Wasn't it weird, even awkward, so dramatically changing the relationship so suddenly, after so long?
Sure, it took a few times before we got the hang of it, but isn't it that way it is for everyone when they start doing it? I thought it was fun figuring it and each other out after we got married.
That's true, but I didn't mean sex ie intercourse alone. I don't personally abide by no sex before marriage, but that doesn't mean that the moment I had the "moral freedom/peace of mind" to have sex (as a Christian would once they are married), I was desperate to immediately do it with the first girlfriend I had. For my first few gfs as a teenager, we slowly went further and further, as we were comfortable with at that point of time, in a warming up process, getting used to the entire concept of sharing sexuality with another person.
The impression I've gotten from most Christians is they don't really do this at all.
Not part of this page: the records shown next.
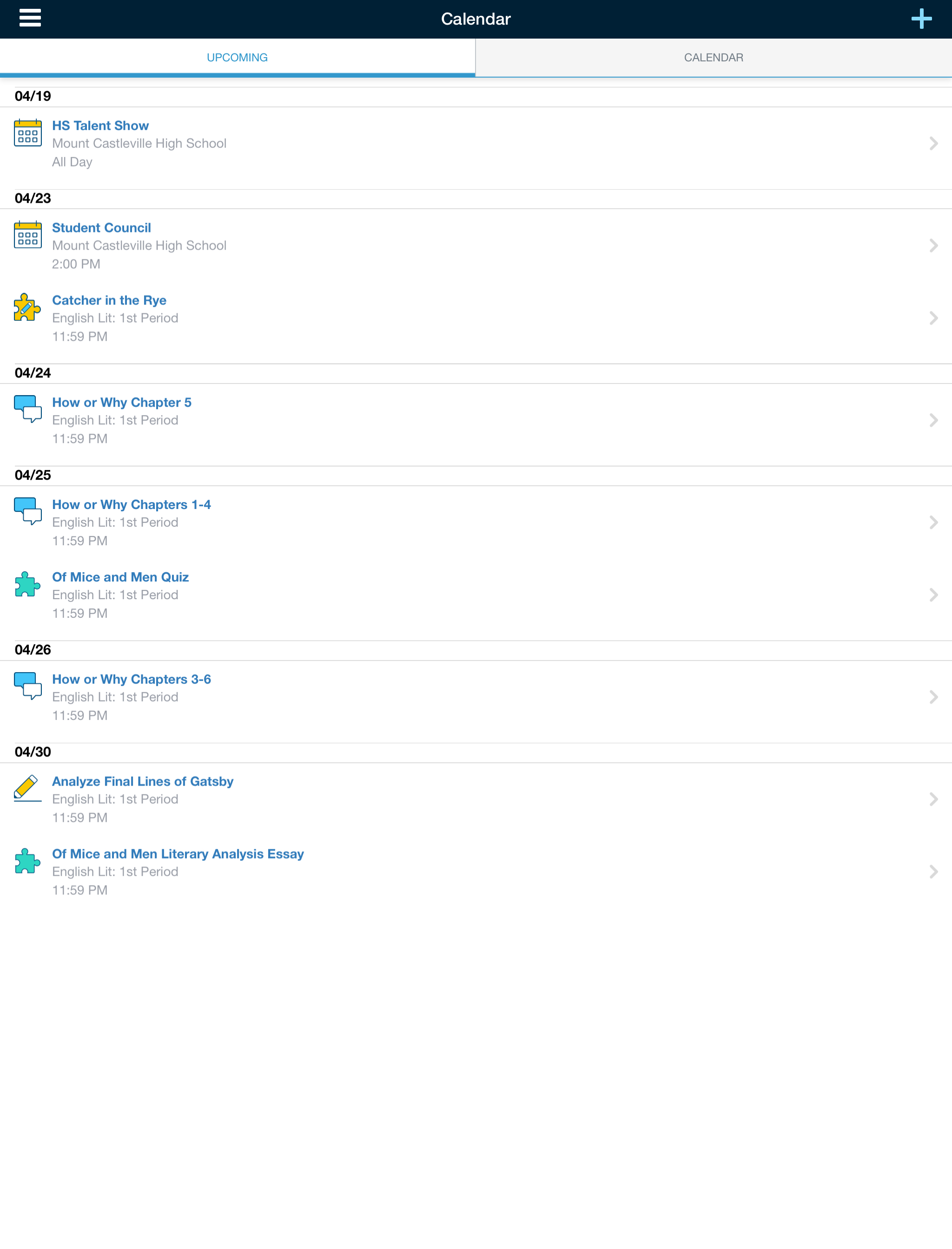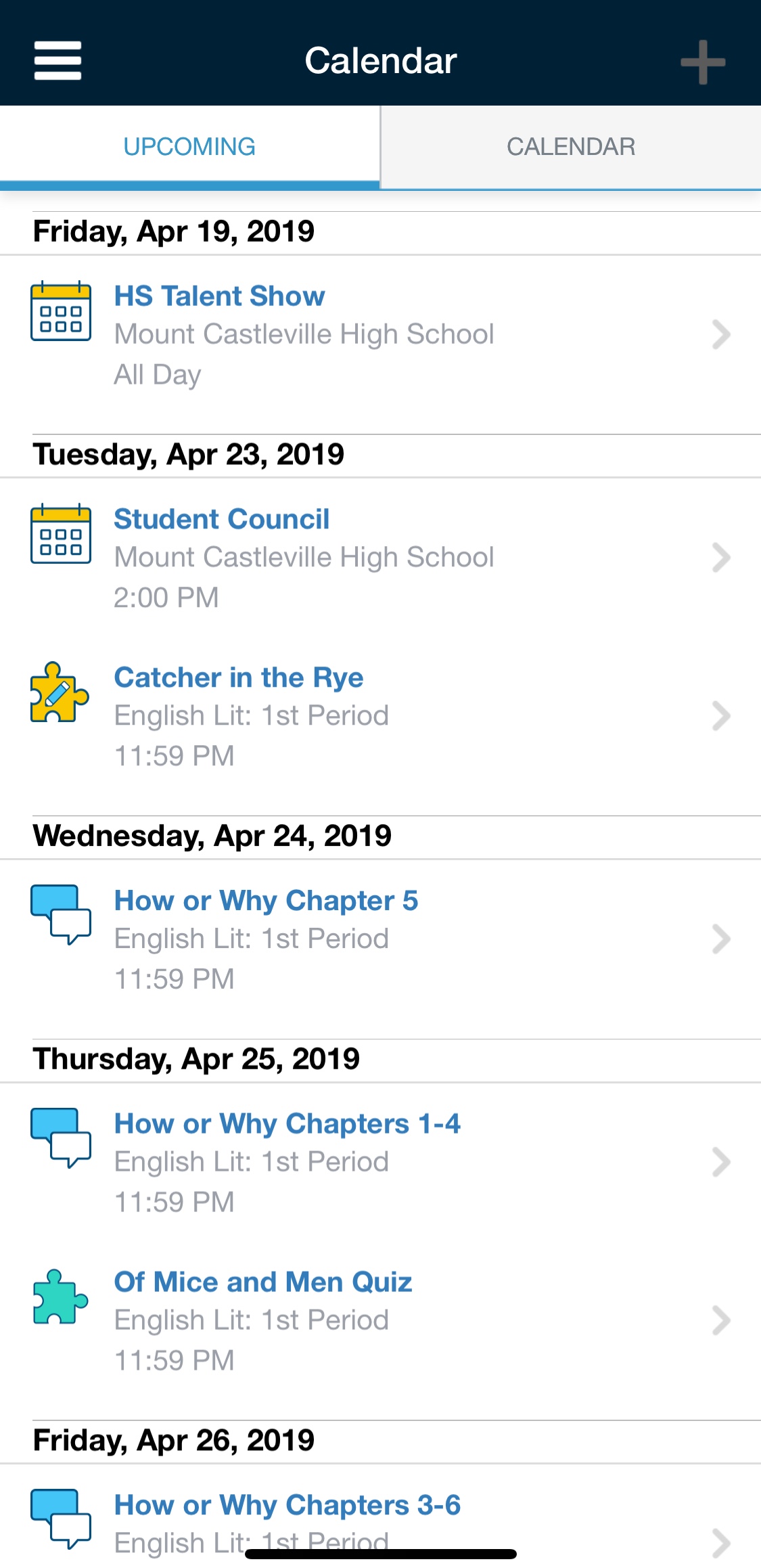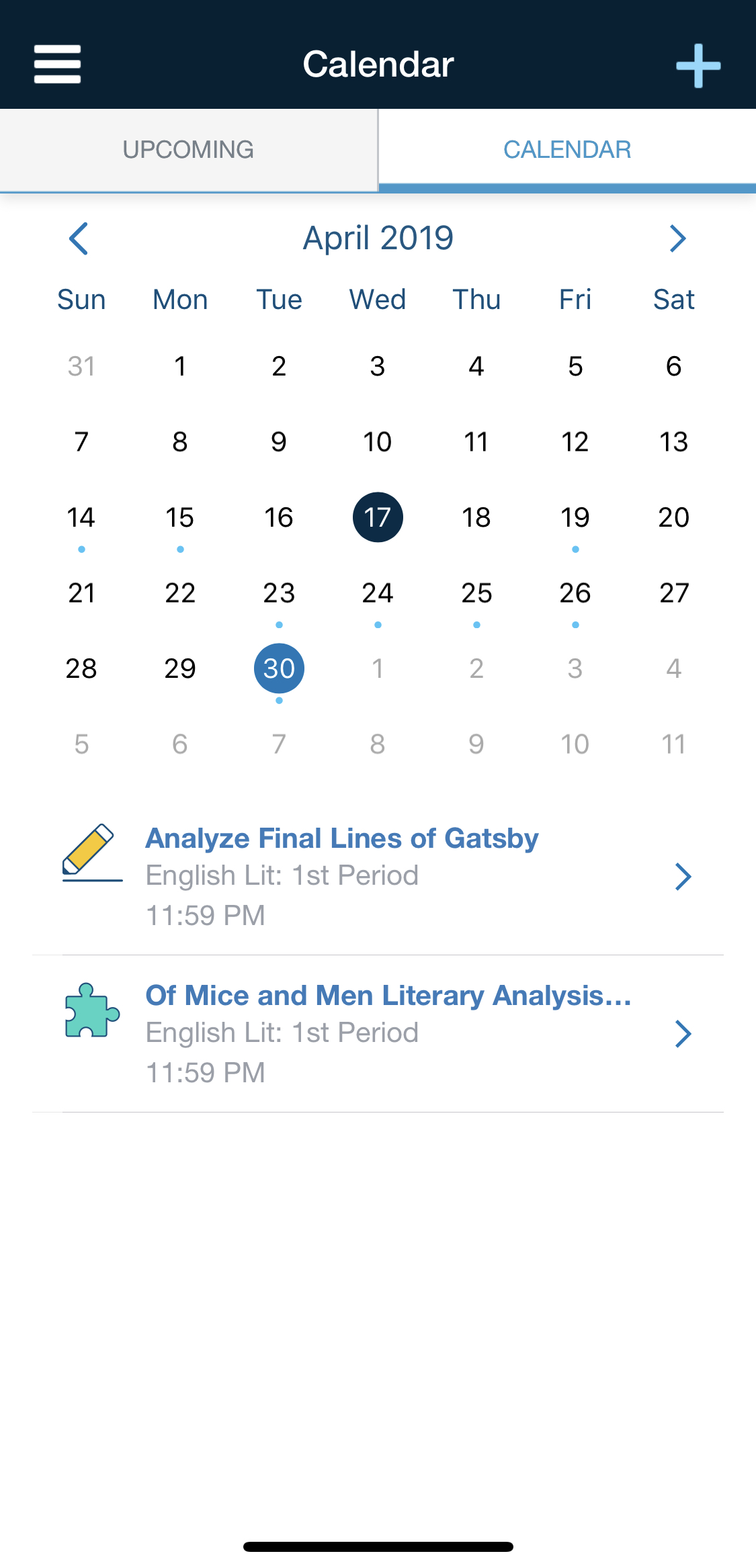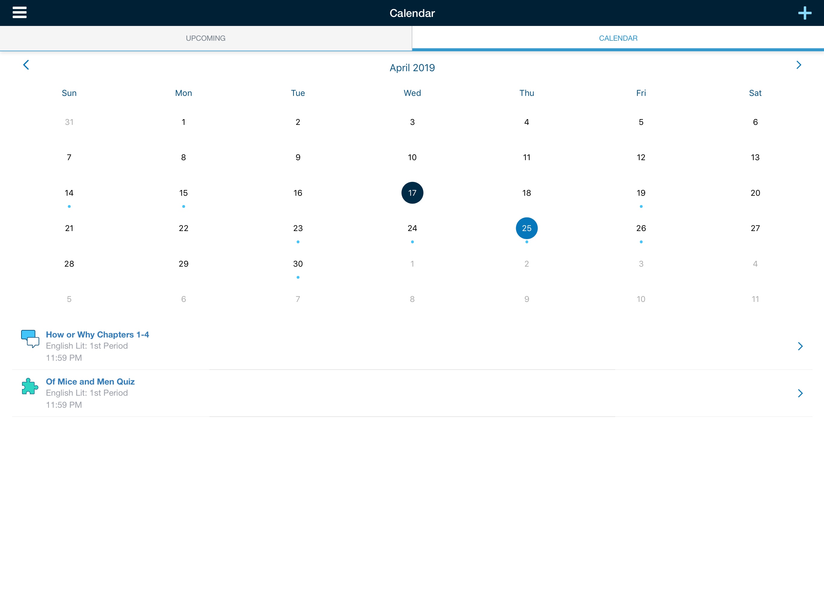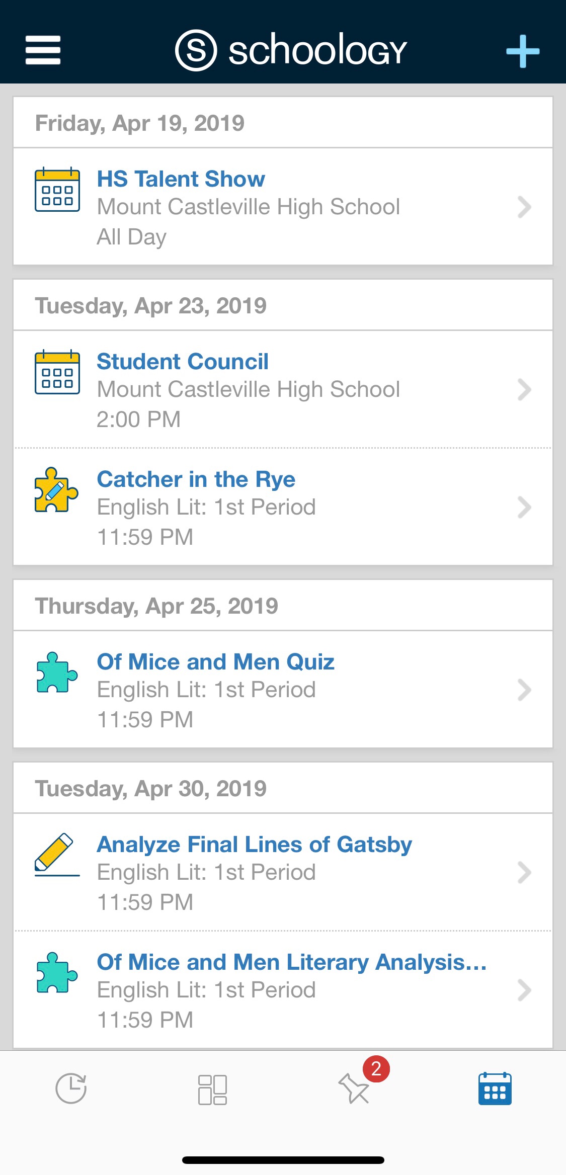 Esta área muestra todos los eventos, pruebas/cuestionarios, evaluaciones, tareas y foros asociados con su perfil de Schoology en una lista de eventos Próximos por día y en una vista tradicional de Calendario por mes.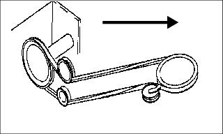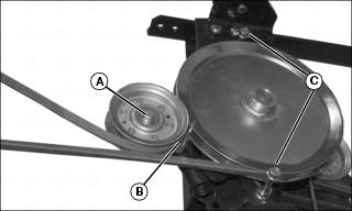 • If rod end is in position (B), against the vertical frame rail (C), the belt is too tight and must be loosened.
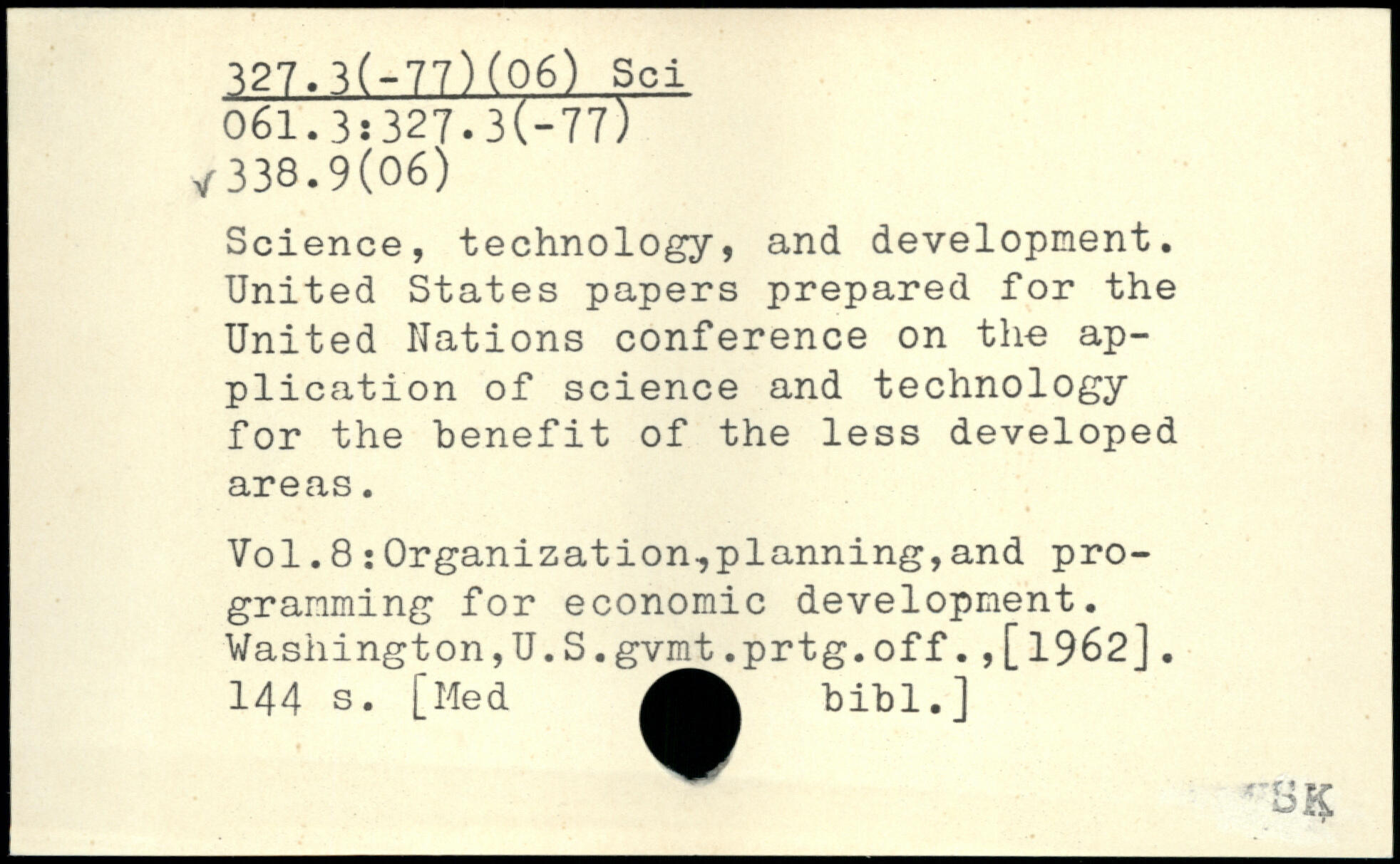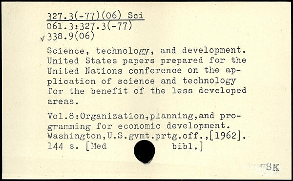 Science, technology, and development. United States papers prepared for the United Nations conference on the application of science and technology for the benefit of the less developed areas.

They go from kissing and hugging and avoiding much else so as to prevent themselves from going further than they should, and then they get married, they have the freedom, or consent, or whatever you want to call it, and they suddenly jump each other's bones. No warming up to it, nothing. I know there is a MUCH longer period of being with the person you're suddenly having sex with and having established a strong bond with them, and that would be significant in making it easier, I admit, but I personally can't imagine just jumping from, as I put it, home turf to the Amazon on the sexual side of things in the space of one day. I just feel it could be quite... jarring?
Well, let see. I had been to South America before a couple times but never the amazon. However, with marriage I finally went to the amazon but I had an experienced guide who could speak the native language.
a) Great extension of the analogy.
b) THIS is what I'm talking about. A bit of exploring South America before diving into the jungle, so the sights and sounds aren't so unfamiliar and, well, daunting, I suppose.
Possibly taking it a bit too far now.